Thursday, October 9, 2014

The Raising of Voters and Decent Men

Yesterday, I walked with my 18 year-old son up to our county's Board of Elections office (Yes "walked"... sometimes there are perks to living in a small town aside from the rampant gossip and unsolicited advice about how to raise your children) where he filled out the required paperwork and became an official registered voter.

I'll admit that I'm pretty proud. This is kind of a momentous occasion for me.  It means that I have now successfully reared an adult who does his own laundry, is gainfully employed, and is a registered voter.  He still lives with his parents, but by most standards he would be classified as a responsible adult. I'm feeling like a fairly successful parent.

He noticed I was kind of beaming on the way back home. When I tried to explain how proud I was that he was so socially and politically engaged, so well-informed and culturally awake, he just shrugged insisting it was no big deal.

"Mom, if voting made any difference, they wouldn't let us do it."

That's my son.

I'm not sure if I'm more proud that he quoted Mark Twain or that he's so inherently cynical. (But seriously, with me for a mother, could he have turned out any differently?)

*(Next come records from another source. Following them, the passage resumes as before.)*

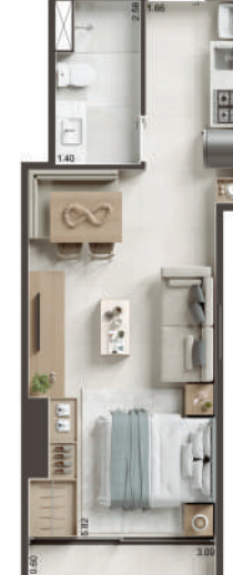
COLUNA 06 - STUDIO
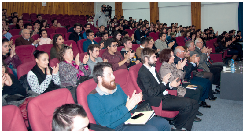
Konferansa yoğun bir katılım oldu
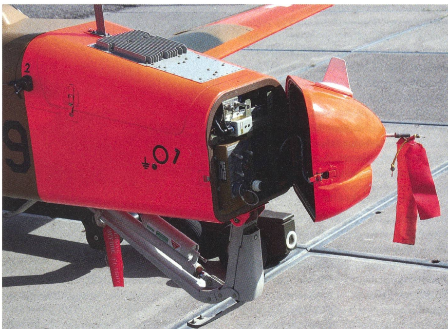
Die ADS-95 – hier ein seltenes Bild der offenen Drohnenspitze – leistet gute Dienste.

Schon im Sommer 2008, während der Fussball-Europameisterschaft, flogen ADS-95-Drohnen zugunsten der Polizei. Die Drohnen gelangten über den verkehrsreichen Austragungsorten zum Einsatz und halfen mit, dass die EURO organisatorisch gut verlief.

It might be true.  It often seems like one small vote doesn't make much difference. Candidates are largely chosen by the media and big contribution dollars from wealthy and politically powerful corporations. We find ourselves choosing constantly the lesser of two evils, which is still a vote for evil.  The system isn't so much broken as it is rigged.

Still, our vote is our only power, however small it might be. The ballot box is the microphone that allows our tiny individual voices to be heard.  It's the only real chance we have to make change.  Climate change marches, Occupy movements,  million man marches, petitions to deport Justin Bieber... they are all just senseless chatter.  The voting booth is where voices are really heard.

Yes, my son is skeptical and cynical.  And he is convinced that our government has already been bought and paid for, that our politicians are just dogs loyal to the corporate hands that feed them, constantly turning deaf ears to the voices of their constituents.

He realizes that trusting politicians is dangerous, that believing the post-election world will magically conform to their campaign promises is naive.

He understands that American foreign policy is based on the meddling and corrupt economic self-interests of a giant bullying war machine and that it has been for more than a hundred years.

He sees that his peers are complacent and easily distracted by shiny fads and flashy electronic toys and the crazy antics of celebrities, and he understands that is just how the government likes things.

He gets how easily manipulated the masses are by government propaganda and promises of safety and security, while completely missing the bigger more important picture of dying liberty and personal rights and the smothering weight of taxes, and taxes, and more taxes.

He loves his country and he hopes for something better.  So he will still vote even though he is embarrassed and disgusted by what his government has become.

H.L. Mencken, early 20th century journalist, once said, "Every decent man is ashamed of the government he lives under."

I can at least rest assured that I've raised a decent man.